By KEVIN NORQUAY
ATHENS - She was the youngest rider, he was the oldest horse and together Heelan Tompkins and Glengarrick were the outstanding New Zealand combination in the Olympic Games eventing competition.
Olympic rookie Tompkins, 26, and her trusty 18-year-old gelding ended the individual competition in eighth place, proving their critics wrong by their deeds.
Tompkins has bristled at those who said her treasured "Nugget" was too old and unsound to be an international eventer. Athens was a chance for the pair to prove the doomsayers wrong.
And they did.
Thirteenth after the dressage, they climbed to 10th after the cross-country, capping it off by dropping just two rails in two rounds of pressured showjumping.
Of the other New Zealanders, Matthew Grayling finished 15th on Revo with 63.20 points, while two-time world champion Blyth Tait climbed from 54th after the dressage to 18th, ending up on 73.00 points.
Daniel Jocelyn and Andrew Nicholson were not among the top 25 riders to contest the individual showjumping round.
Though Tompkins came up just short of a bronze, she was all smiles at the end.
She had tested her childhood heroes, she told NZPA. Next time she would beat them.
While eventers do not talk in ifs and buts, if she had not clipped two rails in the showjumping she would have won silver. But she did, so she didn't.
"Obviously I wanted to go clear, because I feel I am capable of it ... the pole he took, he so nearly didn't," she said.
"I was like 'oh, stay up!' I've just got to be happy with my result ... I just like winning, but in lots of ways I have sort of won in my own space.
"I have just got to accept that for now, go out there and do it better next time.
"I wasn't far off and I there are so many things that I know I could have done a bit better."
Tompkins said Athens would be the last competitive outing for Glengarrick.
Asked whether Glengarrick had proved a point in Athens, she said "oh yeah, oh yeah".
"In so many ways it's not about saying it, it's just about doing it; he's come here and he's done it," he said.
"I'm so proud of him, I'm so proud I was right, I stuck to my guns and so many people came down on me.
"It's not about being smug, it's just about saying -- if I say I have got a good horse, I've got a good horse."
While most of the team are leaving Athens, Tompkins intended to stay around and sample the Games atmosphere.
Athens was also the swansong for Ready Teddy, the horse Tait rode in Athens and won a gold medal on at Atlanta in 1996.
Tait said Ready Teddy, the only eventing horse in Olympic history to have competed in three consecutive Games, would live out his days on a south Auckland farm.
Tait, 43, was less forthright about his own future, but did acknowledge he was winding down his eventing career.
He told NZPA he might have brought his other Games-qualified horse, Eze, to Athens had he known what the cross-country and showjumping courses were like.

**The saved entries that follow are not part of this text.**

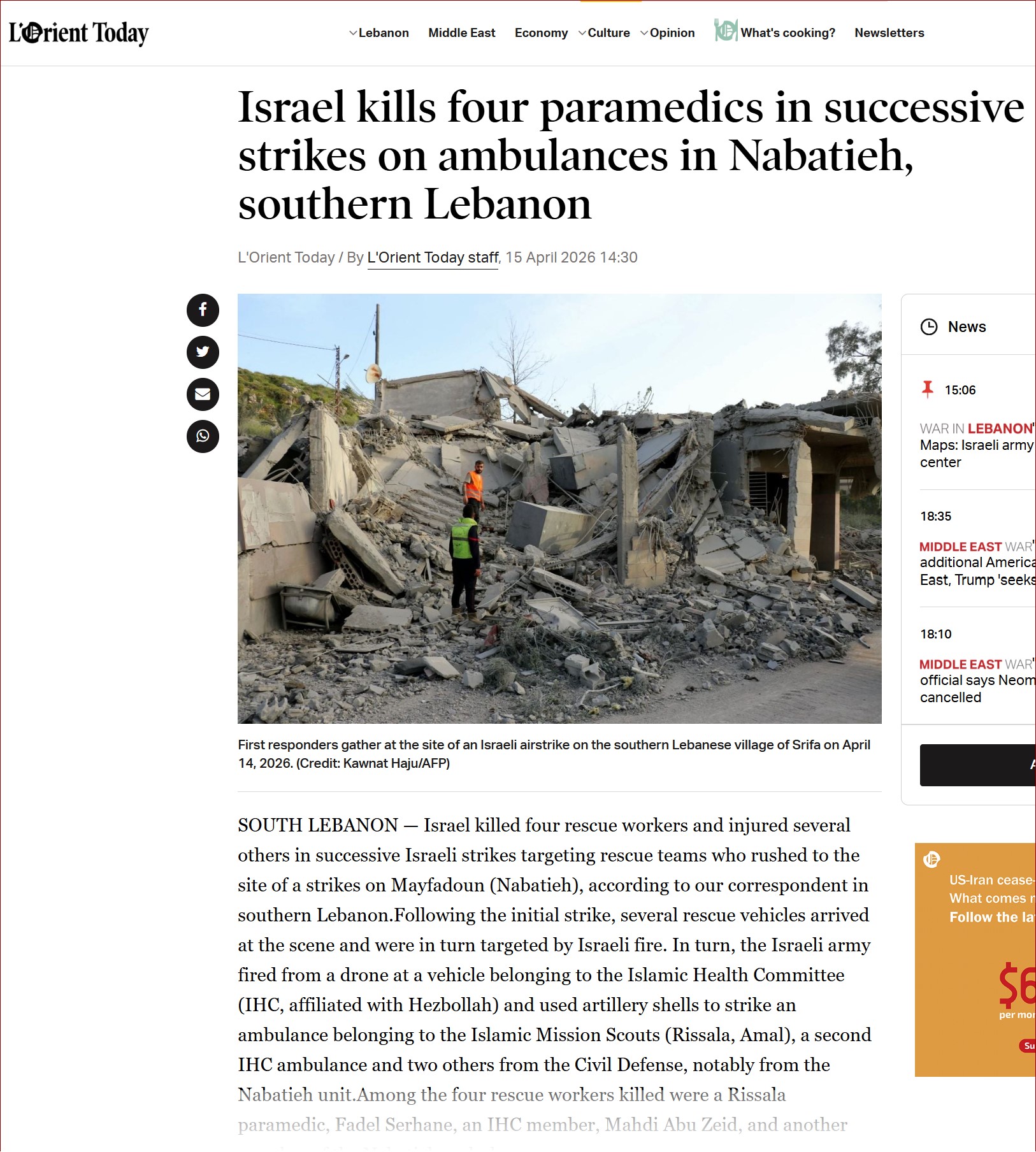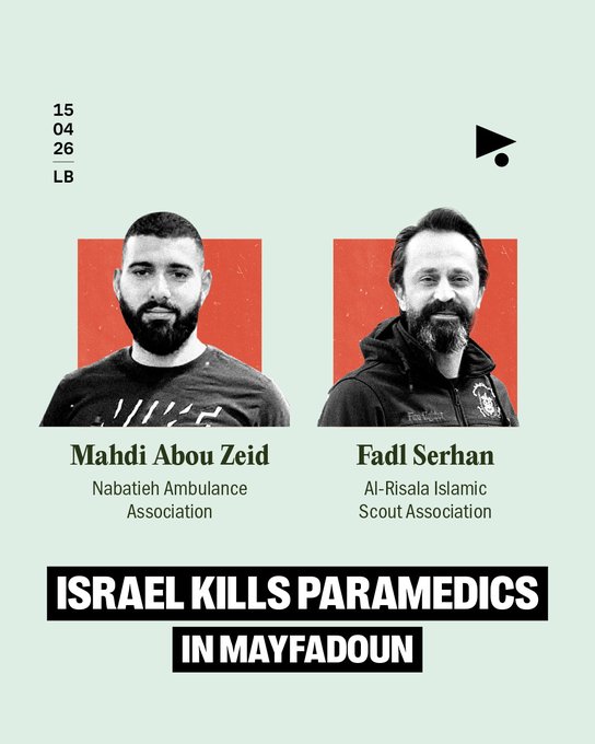 On April 15, 2026, Israel carried out a “triple tap,” killing three medical workers and wounding six, in Mayfadoun, outside of Nabatieh, Southern Lebanon. Paramedics were trying to rescue wounded from an airstrike, when they were struck. Another ambulance came to rescue the medical workers and was struck. A third rescue attempt was made, and that ambulance was struck too. A paramedic remains missing.
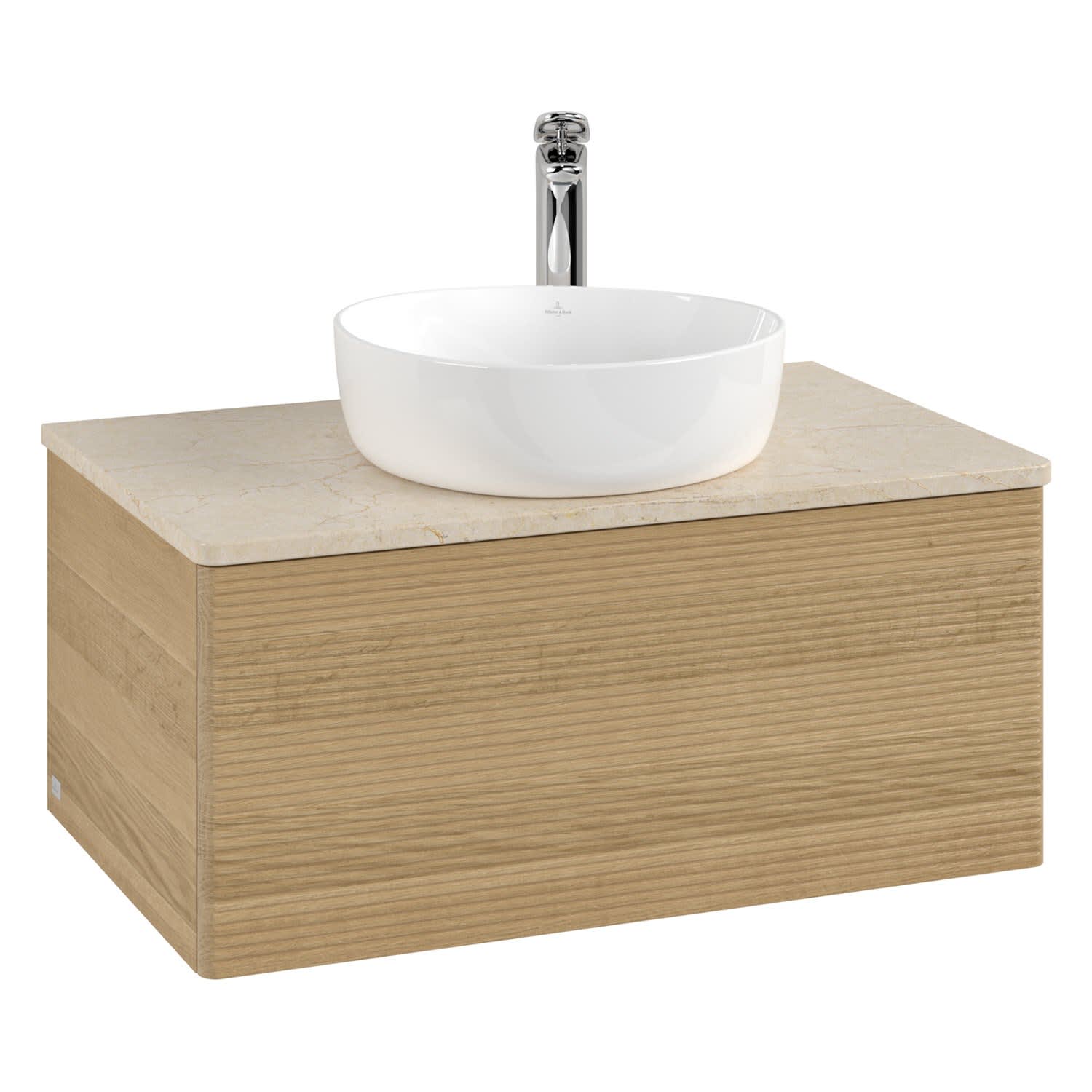 Villeroy & Boch Antao Waschbeckenunterschrank, 80 x 36 cm, 1 Auszug mit LED-Licht, Front mit Struktur, mit Hahnloch
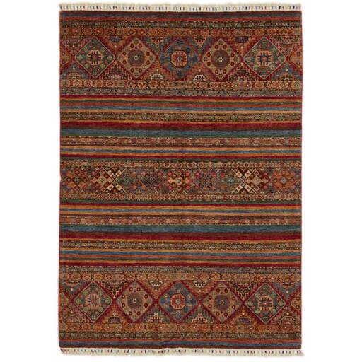 Les tapis de la collection Shall sont noués à la main par des Turkmènes dans le nord de l'Afghanistan. Ils sont fabriqués à 100 % en laine, noués avec la laine la plus fine des moutons des hautes terres. Les tapis sont très résistants et sont, en termes de qualité, les meilleurs tapis afghans disponibles.
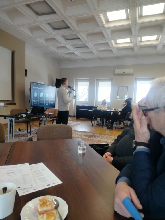 Kolejnym elementem spotkania było wystąpienie Pana Piotra Szelkowskiego, który jest zawodowym aktorem teatralnym i filmowym, certyfikowanym trenerem metody DISC®, storytellingu i komunikacji oraz wykładowcą MBA, łączącym metody aktorskie, narzędzia DISC® i AI w pracy edukacyjnej i doradczej. Zaprezentował w swoim wystąpieniu rolę, znaczenie głosu, emocji i autentyczności w metodzie storytellingu, które pomagają uczniowi otworzyć się i mówić bez lęku o swoich obawach. W debacie warsztatowej zademonstrował jak opowiadać isłuchać, aby rozmowa doradcza prowadziła ucznia do refleksji, a nie do gotowych odpowiedzi. Pokazał również jakie zasady i elementy komunikacji należy uwzględnić w przygotowaniu scenariusza i realizacji rozmowy doradczej. Omówił także schemat procesu komunikacji i jego praktyczne wykorzystanie w procesie przekazywania informacji. Podkreślił znaczenie i rolę empatii doradcy zawodowego w komunikacji werbalnej i niewerbalnej z uczniem. Kończąc prelekcję zaprezentował technikę S.Ex.I - i jej trzy sekcje: Statement (twierdzenie) gdzie formułujemy tezę, do której chcemy przekonać słuchaczy, Explain – wyjaśnienie, które jest logicznym wywodem przyczynowo – skutkowym przekonującym odbiorców do przedstawionej tezy i Illustrate czyli uwiarygodnienie poprzez badania i naukowe źródła przekazanych informacji.
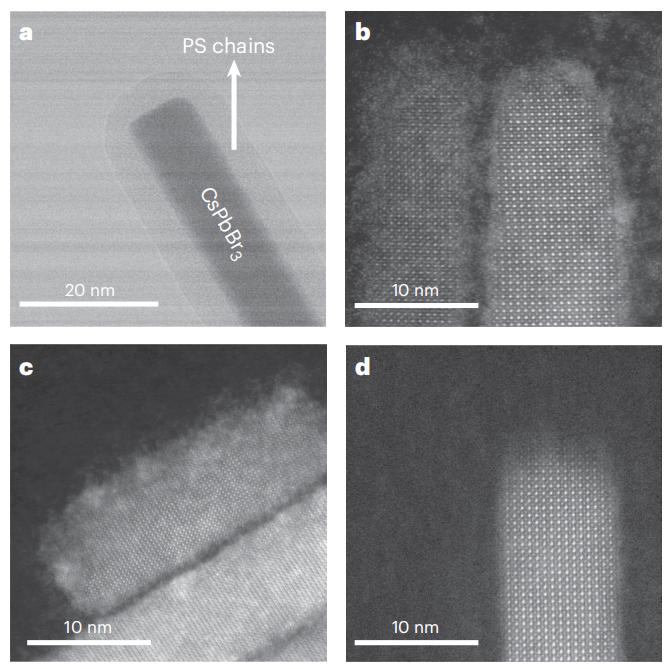 图4. PS包覆的钙钛矿纳米棒的TEM和HAADF-STEM照片。©2023 Springer Nature
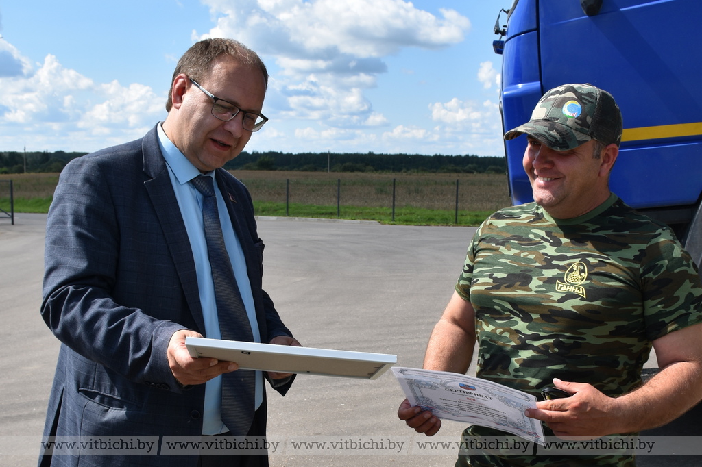 Поздравил водителя с трудовой победой и первый заместитель председателя Витебского райисполкома–начальник управления по сельскому хозяйству и продовольствию Пётр Коренкович. Он также пожелал продолжить побеждать.
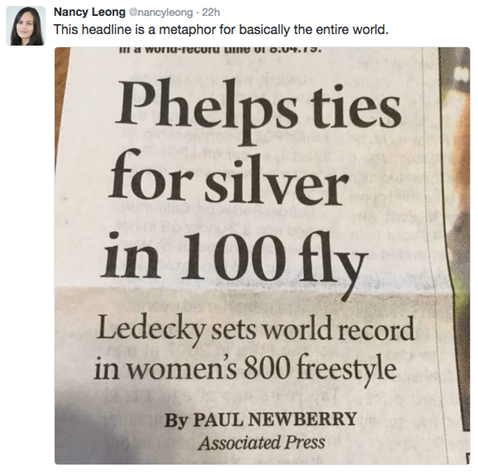1. The time the Chicago Tribute called a three time Olympian the "Wife of a Bears' lineman wins a bronze medal today in Rio Olympics."
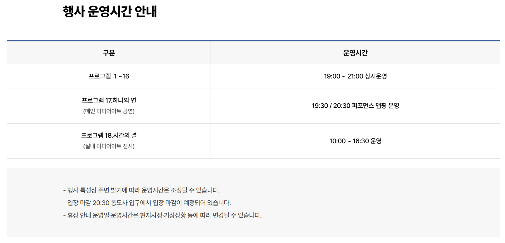 운영 시간 확인: 방문 전 반드시 통도사미디어아트 공식 홈페이지나 관련 안내 채널을 통해 당일의 정확한 운영 시간을 확인하는 것이 중요합니다. 특히 주말이나 공휴일에는 마감 시간이 연장될 수도 있습니다.

Eze is less nervy than Ready Teddy, who destroyed Tait's hopes of a second Olympic gold when he became unsettled in the dressage.
"When you go to the Olympics you expect to get a championship track and Ready Teddy is the best cross-country horse I've had, so that's why I chose to bring him, but it wasn't a cross-country competition unfortunately," Tait said.
"I've given it my best shot. We had such a small cross-country course that the competition has become very, very focused on the dressage. I couldn't predict that."